According to the Berkeley Earth Temperature Report, a great source that tracks climate change metrics, the world has already warmed 1.3°C compared to the average between 1850 and 1900. The latter is frequently used as a benchmark for the pre-industrial period.
The effects of climate change were felt heavily in June and July when many countries across the globe, including those in Europe, experienced record-breaking temperatures.
Have you wondered why such intense heat extremes occur after “only” a 1.3°C increase?
Professor Stefan Rahmstorf, Head of Earth System Analysis at Potsdam Institute for Climate Impact Research, shared an insightful data chart on Twitter.
The chart illustrates that land surfaces have warmed much more than the ocean.

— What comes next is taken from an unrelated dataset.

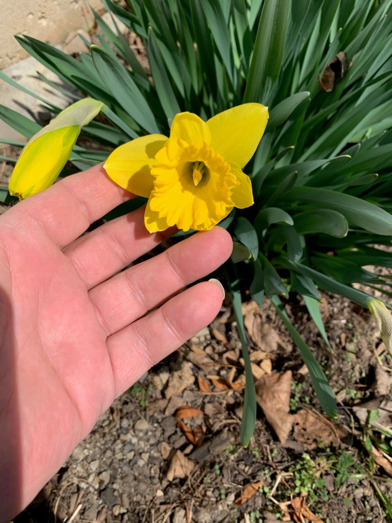Woke up around 4 AM for some reason, pulled open the curtains and saw – snow??? Yeah, snow, not that daffodil up there from this weekend. But I’m not going to put up a picture of snow because things are depressing enough, so hopefully a daffodil will cheer you up. We knew it was coming, the storm, but I don’t think we really believed it. We were lucky because we got just a light dusting. Other parts of the state got as much as 5-8 inches. Sheesh. Welcome to spring.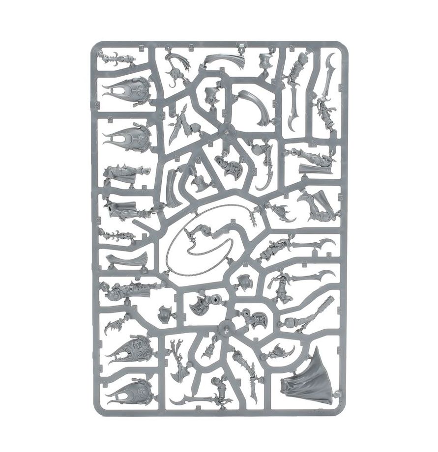 This 86-part plastic kit makes five Mymidesh Painbringers for use in Warhammer Age of Sigmar. It comes supplied with five 32mm Round Citadel bases. The kit can alternately be built as Symbaresh Twinsouls.

This is an integral insight because the global average temperature is made up of 70% ocean surface.
As well, Rahmstorf cites a new study that argues Europe is a heatwave hotspot.
This means the continent exhibits upward temperature trends that are three-to-four times faster compared to the rest of the northern mid-latitudes.
The reasons are changes in the jet stream.
- The researchers found that this accelerated trend is linked to atmospheric dynamical changes, which arise from an increase in the frequency and persistence of double jet stream states over Eurasia.
- Such double jet occurrences are particularly important for western European heatwaves, explaining up to 35% of temperature variability.